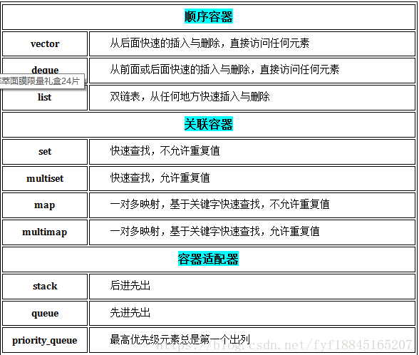 STL对定义的通用容器分三类:顺序容器、关联容器和容器适配器。
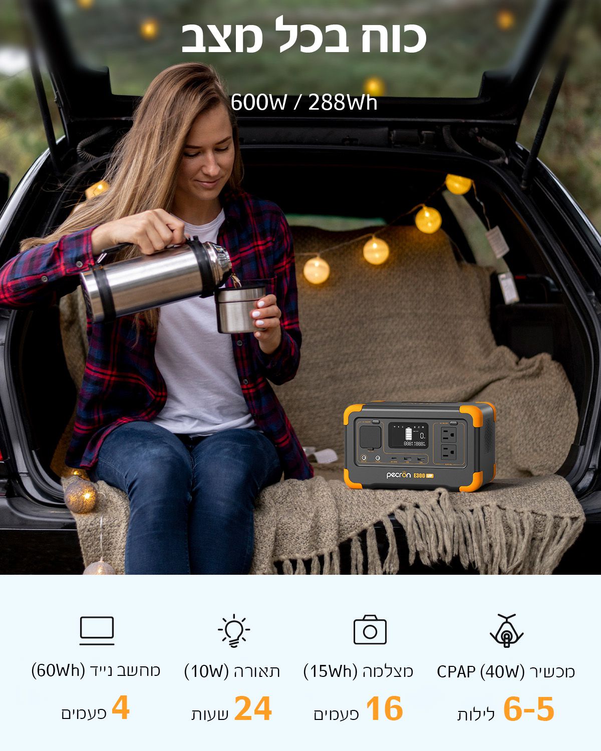 שם המוצר: תחנת כח ניידת PECRON E300LFP
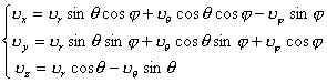 [球面坐标系与直角坐标系的互换] 由球面坐标系到直角坐标系的变换公式
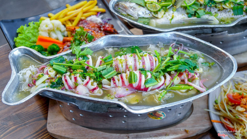 8.6Tuk tuk 3Quán này mới mở thôi nge bà con, ngon đúng điệu vị Thái luôn á. Nằm ngay đường mùng 2 tháng 9 nên dễ tìm nha, không gian 2 lầu, có cả trong nhà và ngoài trời nên mát lắm, tối tối lai rai là đúng điệu. Món ăn ở đây không quá cay, chua chua vừa hải, đúng chuẩn, thích mê lắm luôn. Thích nhất món lẩu, nước rất đậm đà, ngọt từ nấu, thanh thanh của vị mực, chua chua của vị thái, các bạn đến đây nhớ thử món này nhé. Ngoài ra có sụm cũng rất ngon, có nhiều loại sụm, có dịp mình sẽ thủ hết. ...Xem thêm
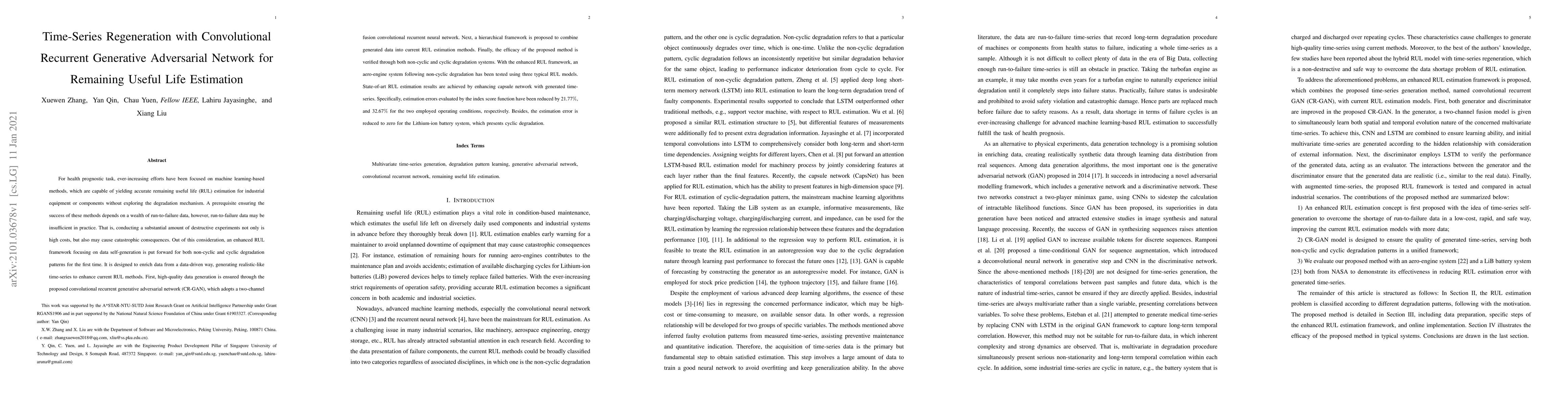 This paper proposes a convolutional recurrent generative adversarial network (CR-GAN) to generate realistic time-series data for enhancing remaining useful life (RUL) estimation methods, achieving state-of-the-art results in RUL estimation for both non-cyclic and cyclic degradation systems. The method reduces estimation errors by up to 32.67% for aero-engine systems and eliminates error for cyclic degradation in Lithium-ion batteries.
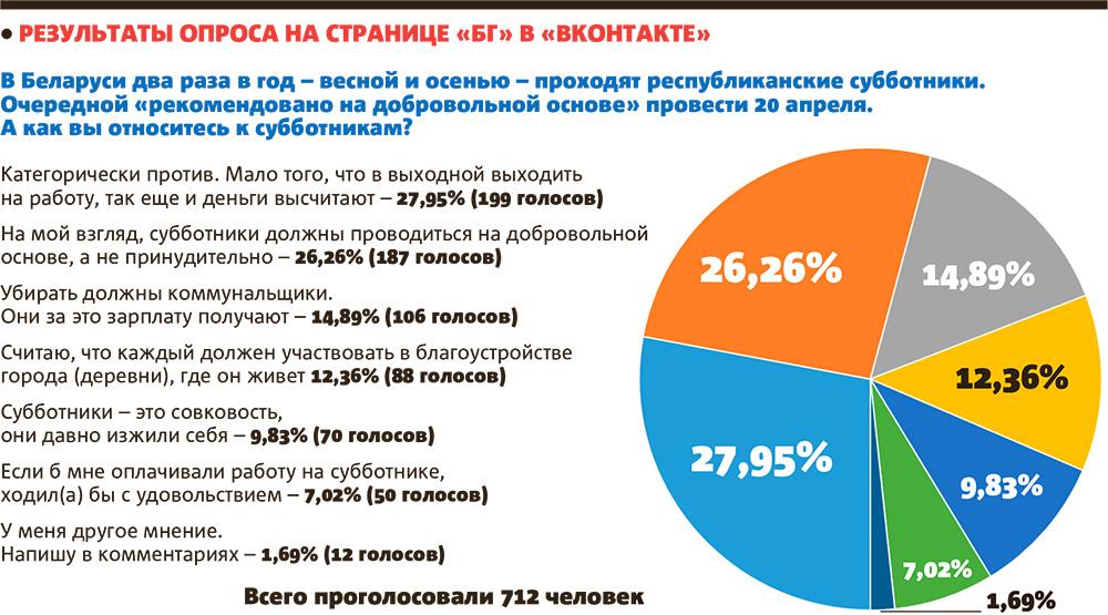 «БГ» провела опрос на своей странице в «ВКонтакте» и выяснила, как наши читатели относятся к субботникам. За двое суток в нашем опросе приняли участие 712 человек. Чуть более половины из них — 52,76% — высказались против субботников. Причем почти 28% (199 человек) категорически против подобных мероприятий. 14,89% наших респондентов (106 человек) считают, что убирать должны коммунальщики, так как они за это получают зарплату. По мнению 9,83% опрошенных (70 человек), субботники — это совковость, и они давно изжили себя.

********

Could you write out exactly the lines from the line containing "This paper proposes" to the end of the material, and nothing else? No pictures belong in the copy.

FINISHED TASK:
 This paper proposes a convolutional recurrent generative adversarial network (CR-GAN) to generate realistic time-series data for enhancing remaining useful life (RUL) estimation methods, achieving state-of-the-art results in RUL estimation for both non-cyclic and cyclic degradation systems. The method reduces estimation errors by up to 32.67% for aero-engine systems and eliminates error for cyclic degradation in Lithium-ion batteries.
 «БГ» провела опрос на своей странице в «ВКонтакте» и выяснила, как наши читатели относятся к субботникам. За двое суток в нашем опросе приняли участие 712 человек. Чуть более половины из них — 52,76% — высказались против субботников. Причем почти 28% (199 человек) категорически против подобных мероприятий. 14,89% наших респондентов (106 человек) считают, что убирать должны коммунальщики, так как они за это получают зарплату. По мнению 9,83% опрошенных (70 человек), субботники — это совковость, и они давно изжили себя.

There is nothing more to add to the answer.